Directors Maurice Jamal and Patrik-Ian Polk are best known for their projects Ski Trip and Noah’s Arc. Maurice Jamal is the creator of the GLO Network, the world’s first Urban LGBT network. GLO offers TV programming and movies online currently. Patrik-Ian Polk is currently developing a Noah’s Arc series spin-off for Logo TV and a drama series for BET.

David J. Malebranche, MD, MPH, is an Assistant Professor of Medicine at Emory University’s School of Medicine, HIV researcher and advocate, and “is known as a dynamic speaker nationwide and has appeared in documentaries on CNN, ABC News Primetime, TV One and BET for his expertise on HIV in the Black community. Malebranche wrote “A Letter to Oprah” after watching her show about a woman who sued her husband for 12 million dollars because she contracted HIV from him. Read the entire letter below. Interesting enough The Oprah Winfrey Show received Outstanding Talk Show Episode from GLAAD for the episode “Ricky Martin Coming Out as a Gay Man and a New Dad.”

For more profiles go to GBM News.

Unfortunately Nathan James’ list did not include any transgendered or gender queer leaders and/or personalities of color. The list could have included RuPaul legendary drag performer, musician, and creator of the amazing Rupaul’s Drag Race on LOGO. Rupaul’s next album, Glamazon, is set to be released later this year (I know it’ll be “fierce fierce fierce).

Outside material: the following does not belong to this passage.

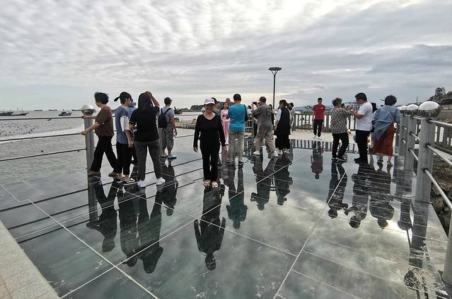 巨型龟旁不远处有玻璃栈道,距离不长,10米下方却是波涛滚滚

Prominent transgender and gender queer celebrities include icon Amanda Lepore, Brazilian model and muse of Givenchy’s creative director Riccardo Tisci Lea T who posed nude in French Vogue, appeared in Givenchy’s Fall 2010 ad campaign, and famously interviewed by Oprah, actress and performer Candis Cayne, transman pornstar Buck Angel who bills himself as “The Man With a Va jay jay,” transman photographer and activist Loren Cameron, and New York performer, actress, and producer Laverne Cox who appeared on “I Want to Work For Diddy” (which won a GLAAD award for “Outstanding Reality Show) and co-produced Being T, a documentary looking into the lives of 12 transgendered New York women. Being T was executive produced by Janet Jackson. Cox has appeared on HBO’s series “Bored To Death” and the documentary “I Am The Standard.” Also Andre J international personality most-known for his cover of French Vogue and his gender bending style.

Maybe MSN’s WonderWall or Nathan James’ list for next year will include trans or gender queer leaders and/or personalities.